What you need to do =>
When you reach the line with "Bombehuse, Købmagergade i Nexø" in the data below, begin printing lines exactly, and stop once the line with "⑤ 野球場入口。 ショートコースはここを左折。" has been printed.
───── Supplied material
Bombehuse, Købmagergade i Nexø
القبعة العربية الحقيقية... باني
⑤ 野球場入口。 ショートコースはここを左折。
──────────
───── Supplied material
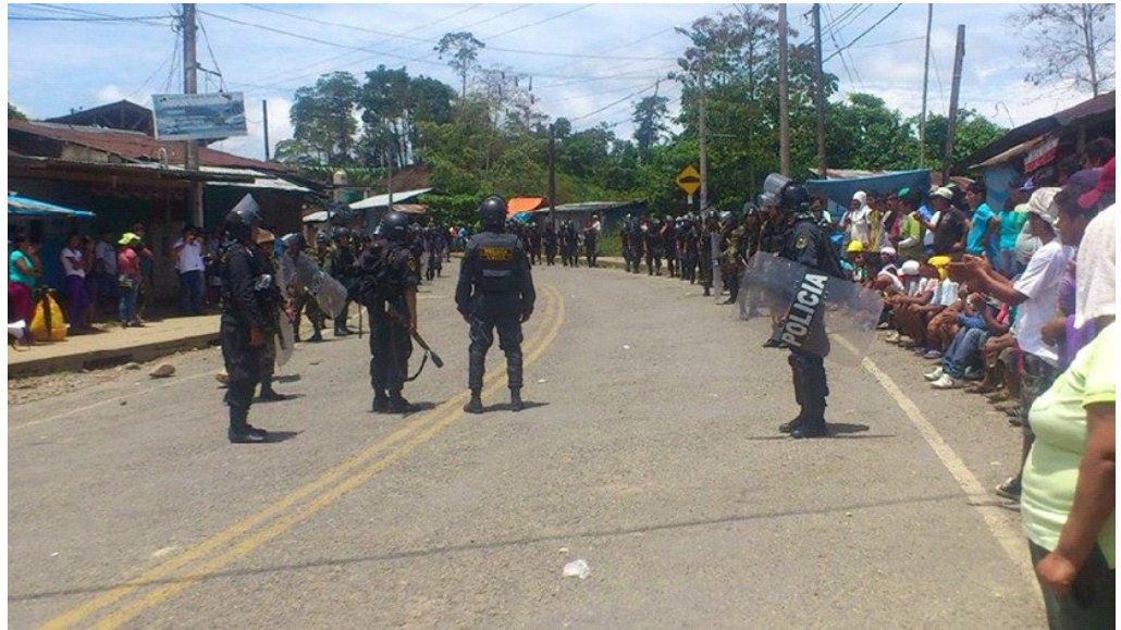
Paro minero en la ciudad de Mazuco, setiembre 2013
──────────
───── Supplied material
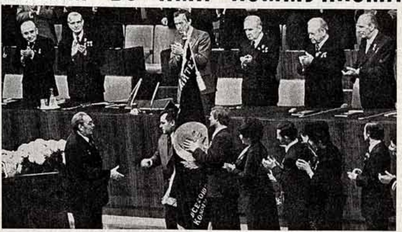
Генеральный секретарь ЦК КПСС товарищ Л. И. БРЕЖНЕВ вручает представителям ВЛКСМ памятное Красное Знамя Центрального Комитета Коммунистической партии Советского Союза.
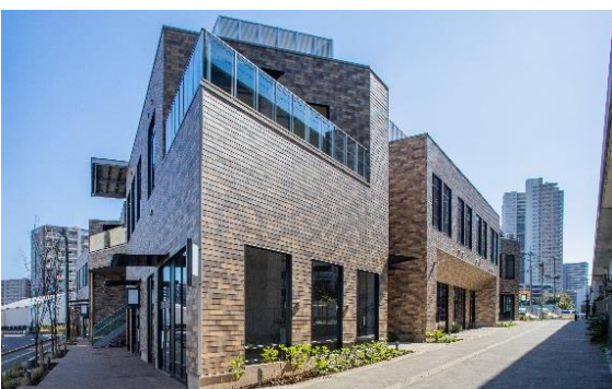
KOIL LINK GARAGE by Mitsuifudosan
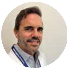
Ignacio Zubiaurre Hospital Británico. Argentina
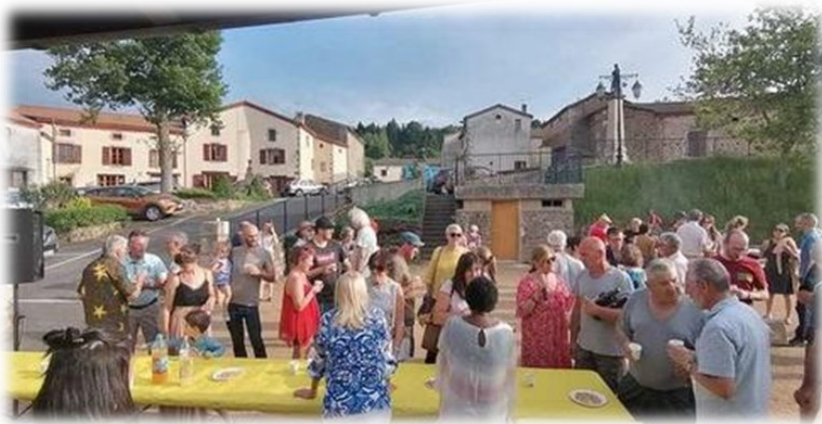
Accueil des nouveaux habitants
──────────
Response area =>
Bombehuse, Købmagergade i Nexø
القبعة العربية الحقيقية... باني
⑤ 野球場入口。 ショートコースはここを左折。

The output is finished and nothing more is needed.